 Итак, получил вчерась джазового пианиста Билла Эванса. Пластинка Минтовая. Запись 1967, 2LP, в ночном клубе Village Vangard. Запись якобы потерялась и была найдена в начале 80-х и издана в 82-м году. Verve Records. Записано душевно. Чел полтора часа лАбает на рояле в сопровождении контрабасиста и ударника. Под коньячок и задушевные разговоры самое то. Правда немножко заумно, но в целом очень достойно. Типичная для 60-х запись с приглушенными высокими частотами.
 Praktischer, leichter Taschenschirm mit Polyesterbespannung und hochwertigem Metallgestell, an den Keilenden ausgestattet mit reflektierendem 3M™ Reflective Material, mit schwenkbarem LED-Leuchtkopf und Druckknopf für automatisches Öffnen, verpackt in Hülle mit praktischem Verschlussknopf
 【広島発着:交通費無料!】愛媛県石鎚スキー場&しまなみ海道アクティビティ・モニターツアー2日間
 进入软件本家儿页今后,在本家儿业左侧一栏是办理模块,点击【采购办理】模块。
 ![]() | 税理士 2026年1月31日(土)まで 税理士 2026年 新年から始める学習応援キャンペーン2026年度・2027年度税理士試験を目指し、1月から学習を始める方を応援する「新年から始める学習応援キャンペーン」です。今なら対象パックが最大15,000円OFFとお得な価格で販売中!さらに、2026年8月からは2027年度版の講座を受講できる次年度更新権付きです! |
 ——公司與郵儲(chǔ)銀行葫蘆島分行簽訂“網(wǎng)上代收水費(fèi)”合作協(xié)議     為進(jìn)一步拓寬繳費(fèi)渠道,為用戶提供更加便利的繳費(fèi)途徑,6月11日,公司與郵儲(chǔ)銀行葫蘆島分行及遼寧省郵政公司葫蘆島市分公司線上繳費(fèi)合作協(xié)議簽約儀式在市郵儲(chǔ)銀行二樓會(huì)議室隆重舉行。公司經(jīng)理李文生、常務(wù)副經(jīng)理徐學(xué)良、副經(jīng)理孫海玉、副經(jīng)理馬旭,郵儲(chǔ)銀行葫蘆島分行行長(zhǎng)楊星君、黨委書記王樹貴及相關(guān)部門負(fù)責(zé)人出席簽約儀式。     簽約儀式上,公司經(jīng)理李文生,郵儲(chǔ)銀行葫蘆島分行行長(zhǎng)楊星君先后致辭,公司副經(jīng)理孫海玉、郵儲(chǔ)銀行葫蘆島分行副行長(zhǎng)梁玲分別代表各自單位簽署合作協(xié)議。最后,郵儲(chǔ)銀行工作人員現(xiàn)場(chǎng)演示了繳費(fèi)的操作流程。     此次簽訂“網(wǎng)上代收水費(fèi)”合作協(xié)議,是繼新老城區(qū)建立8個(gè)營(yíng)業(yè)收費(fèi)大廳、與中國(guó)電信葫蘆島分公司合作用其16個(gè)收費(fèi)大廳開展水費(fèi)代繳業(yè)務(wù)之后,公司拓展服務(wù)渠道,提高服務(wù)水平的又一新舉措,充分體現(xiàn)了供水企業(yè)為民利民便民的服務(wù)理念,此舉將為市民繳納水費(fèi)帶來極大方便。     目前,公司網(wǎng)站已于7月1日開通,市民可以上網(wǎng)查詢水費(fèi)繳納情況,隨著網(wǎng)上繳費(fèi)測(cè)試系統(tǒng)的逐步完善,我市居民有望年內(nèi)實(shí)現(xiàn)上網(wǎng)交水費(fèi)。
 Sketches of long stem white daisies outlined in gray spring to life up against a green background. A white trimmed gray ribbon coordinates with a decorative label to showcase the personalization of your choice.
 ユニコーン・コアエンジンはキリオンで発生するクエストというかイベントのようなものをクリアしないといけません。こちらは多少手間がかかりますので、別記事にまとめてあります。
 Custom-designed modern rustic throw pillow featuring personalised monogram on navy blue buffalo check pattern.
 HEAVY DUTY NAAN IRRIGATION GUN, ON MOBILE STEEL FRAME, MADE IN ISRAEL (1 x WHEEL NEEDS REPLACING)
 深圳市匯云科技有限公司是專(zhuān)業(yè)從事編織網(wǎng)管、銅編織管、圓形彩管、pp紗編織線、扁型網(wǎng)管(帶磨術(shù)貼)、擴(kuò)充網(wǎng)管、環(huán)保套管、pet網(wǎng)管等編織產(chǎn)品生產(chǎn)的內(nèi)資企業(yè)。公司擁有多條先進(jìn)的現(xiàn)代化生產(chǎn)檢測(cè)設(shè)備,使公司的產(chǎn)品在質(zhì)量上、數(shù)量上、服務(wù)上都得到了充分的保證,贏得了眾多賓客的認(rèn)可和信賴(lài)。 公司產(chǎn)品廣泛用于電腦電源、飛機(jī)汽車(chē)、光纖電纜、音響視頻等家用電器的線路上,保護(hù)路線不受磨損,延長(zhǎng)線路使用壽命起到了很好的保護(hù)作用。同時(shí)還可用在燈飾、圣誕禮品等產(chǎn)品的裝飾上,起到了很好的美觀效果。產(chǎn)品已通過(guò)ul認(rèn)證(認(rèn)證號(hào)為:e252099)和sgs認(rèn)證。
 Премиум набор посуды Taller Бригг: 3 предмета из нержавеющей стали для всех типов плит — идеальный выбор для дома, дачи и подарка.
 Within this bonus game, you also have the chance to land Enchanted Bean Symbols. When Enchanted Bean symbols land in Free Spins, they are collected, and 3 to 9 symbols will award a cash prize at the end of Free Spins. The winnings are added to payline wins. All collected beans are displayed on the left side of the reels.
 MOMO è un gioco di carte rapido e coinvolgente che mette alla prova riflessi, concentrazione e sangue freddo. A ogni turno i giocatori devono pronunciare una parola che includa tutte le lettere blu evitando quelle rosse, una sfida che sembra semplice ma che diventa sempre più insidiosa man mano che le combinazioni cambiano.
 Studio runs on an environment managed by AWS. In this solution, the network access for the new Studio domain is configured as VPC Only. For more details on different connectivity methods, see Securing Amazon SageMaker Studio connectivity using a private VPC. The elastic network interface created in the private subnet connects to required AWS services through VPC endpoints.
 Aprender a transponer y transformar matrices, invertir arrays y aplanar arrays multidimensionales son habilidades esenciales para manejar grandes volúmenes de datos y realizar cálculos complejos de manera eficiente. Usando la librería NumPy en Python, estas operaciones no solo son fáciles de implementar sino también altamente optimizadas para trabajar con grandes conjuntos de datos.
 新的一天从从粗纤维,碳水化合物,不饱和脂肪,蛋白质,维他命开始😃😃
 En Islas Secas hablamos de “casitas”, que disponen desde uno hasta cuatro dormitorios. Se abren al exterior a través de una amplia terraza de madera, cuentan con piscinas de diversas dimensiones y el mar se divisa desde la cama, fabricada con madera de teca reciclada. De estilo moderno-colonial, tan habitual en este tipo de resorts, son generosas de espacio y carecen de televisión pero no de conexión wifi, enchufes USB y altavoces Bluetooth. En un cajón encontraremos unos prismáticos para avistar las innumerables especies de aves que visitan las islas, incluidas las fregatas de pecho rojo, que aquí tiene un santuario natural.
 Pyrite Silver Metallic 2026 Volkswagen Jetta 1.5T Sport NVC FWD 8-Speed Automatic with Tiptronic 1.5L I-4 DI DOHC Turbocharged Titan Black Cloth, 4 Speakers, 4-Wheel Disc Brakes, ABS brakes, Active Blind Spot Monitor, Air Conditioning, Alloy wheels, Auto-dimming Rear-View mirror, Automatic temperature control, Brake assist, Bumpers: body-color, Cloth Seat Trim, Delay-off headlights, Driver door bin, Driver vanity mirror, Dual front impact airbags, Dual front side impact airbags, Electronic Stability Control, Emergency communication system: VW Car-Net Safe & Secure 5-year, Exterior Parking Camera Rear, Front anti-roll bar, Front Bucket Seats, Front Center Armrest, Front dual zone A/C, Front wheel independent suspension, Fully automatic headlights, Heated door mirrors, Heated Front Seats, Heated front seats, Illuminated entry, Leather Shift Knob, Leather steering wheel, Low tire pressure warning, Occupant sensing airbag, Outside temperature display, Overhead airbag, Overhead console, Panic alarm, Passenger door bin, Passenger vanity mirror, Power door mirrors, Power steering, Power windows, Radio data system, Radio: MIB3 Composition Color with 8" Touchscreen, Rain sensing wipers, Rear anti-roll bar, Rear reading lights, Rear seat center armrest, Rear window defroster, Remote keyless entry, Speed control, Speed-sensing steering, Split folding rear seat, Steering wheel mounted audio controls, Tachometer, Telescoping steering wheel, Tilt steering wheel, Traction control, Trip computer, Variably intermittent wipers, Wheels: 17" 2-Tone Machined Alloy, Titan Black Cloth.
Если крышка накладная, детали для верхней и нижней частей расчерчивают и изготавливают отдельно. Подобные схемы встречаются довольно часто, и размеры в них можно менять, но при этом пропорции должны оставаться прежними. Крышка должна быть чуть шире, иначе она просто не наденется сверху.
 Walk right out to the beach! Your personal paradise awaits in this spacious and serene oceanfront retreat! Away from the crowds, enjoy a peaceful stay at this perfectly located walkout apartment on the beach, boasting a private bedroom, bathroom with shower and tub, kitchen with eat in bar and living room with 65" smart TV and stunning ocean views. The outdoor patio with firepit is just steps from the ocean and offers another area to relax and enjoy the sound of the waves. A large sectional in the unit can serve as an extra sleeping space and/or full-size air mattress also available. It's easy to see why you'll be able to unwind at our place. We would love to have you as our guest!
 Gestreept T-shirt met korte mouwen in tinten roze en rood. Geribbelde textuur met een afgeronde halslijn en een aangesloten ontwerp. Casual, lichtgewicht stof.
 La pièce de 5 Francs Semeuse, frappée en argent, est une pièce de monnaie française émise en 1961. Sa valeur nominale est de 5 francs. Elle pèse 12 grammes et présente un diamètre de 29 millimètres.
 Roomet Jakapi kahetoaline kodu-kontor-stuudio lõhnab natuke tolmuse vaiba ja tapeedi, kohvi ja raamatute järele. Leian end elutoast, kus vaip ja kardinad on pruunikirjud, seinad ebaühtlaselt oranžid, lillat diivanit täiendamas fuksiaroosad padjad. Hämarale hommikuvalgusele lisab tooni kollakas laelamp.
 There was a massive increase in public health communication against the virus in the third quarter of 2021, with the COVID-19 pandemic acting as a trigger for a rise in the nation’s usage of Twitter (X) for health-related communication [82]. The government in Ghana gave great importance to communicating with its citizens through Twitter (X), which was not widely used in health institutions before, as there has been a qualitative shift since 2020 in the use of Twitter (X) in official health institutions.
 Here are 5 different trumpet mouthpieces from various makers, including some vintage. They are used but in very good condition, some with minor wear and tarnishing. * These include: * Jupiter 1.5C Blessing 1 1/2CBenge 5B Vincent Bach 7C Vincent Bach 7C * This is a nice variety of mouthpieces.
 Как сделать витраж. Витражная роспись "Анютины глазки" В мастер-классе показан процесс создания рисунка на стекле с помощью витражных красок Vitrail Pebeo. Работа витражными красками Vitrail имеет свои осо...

# # #

__Activity__: Write out exactly the lines that fall from the line with "Pyrite Silver Metallic" to the line with "Если крышка накладная, детали" in the records above, keeping both ends.

__Worked solution__:
 Pyrite Silver Metallic 2026 Volkswagen Jetta 1.5T Sport NVC FWD 8-Speed Automatic with Tiptronic 1.5L I-4 DI DOHC Turbocharged Titan Black Cloth, 4 Speakers, 4-Wheel Disc Brakes, ABS brakes, Active Blind Spot Monitor, Air Conditioning, Alloy wheels, Auto-dimming Rear-View mirror, Automatic temperature control, Brake assist, Bumpers: body-color, Cloth Seat Trim, Delay-off headlights, Driver door bin, Driver vanity mirror, Dual front impact airbags, Dual front side impact airbags, Electronic Stability Control, Emergency communication system: VW Car-Net Safe & Secure 5-year, Exterior Parking Camera Rear, Front anti-roll bar, Front Bucket Seats, Front Center Armrest, Front dual zone A/C, Front wheel independent suspension, Fully automatic headlights, Heated door mirrors, Heated Front Seats, Heated front seats, Illuminated entry, Leather Shift Knob, Leather steering wheel, Low tire pressure warning, Occupant sensing airbag, Outside temperature display, Overhead airbag, Overhead console, Panic alarm, Passenger door bin, Passenger vanity mirror, Power door mirrors, Power steering, Power windows, Radio data system, Radio: MIB3 Composition Color with 8" Touchscreen, Rain sensing wipers, Rear anti-roll bar, Rear reading lights, Rear seat center armrest, Rear window defroster, Remote keyless entry, Speed control, Speed-sensing steering, Split folding rear seat, Steering wheel mounted audio controls, Tachometer, Telescoping steering wheel, Tilt steering wheel, Traction control, Trip computer, Variably intermittent wipers, Wheels: 17" 2-Tone Machined Alloy, Titan Black Cloth.
Если крышка накладная, детали для верхней и нижней частей расчерчивают и изготавливают отдельно. Подобные схемы встречаются довольно часто, и размеры в них можно менять, но при этом пропорции должны оставаться прежними. Крышка должна быть чуть шире, иначе она просто не наденется сверху.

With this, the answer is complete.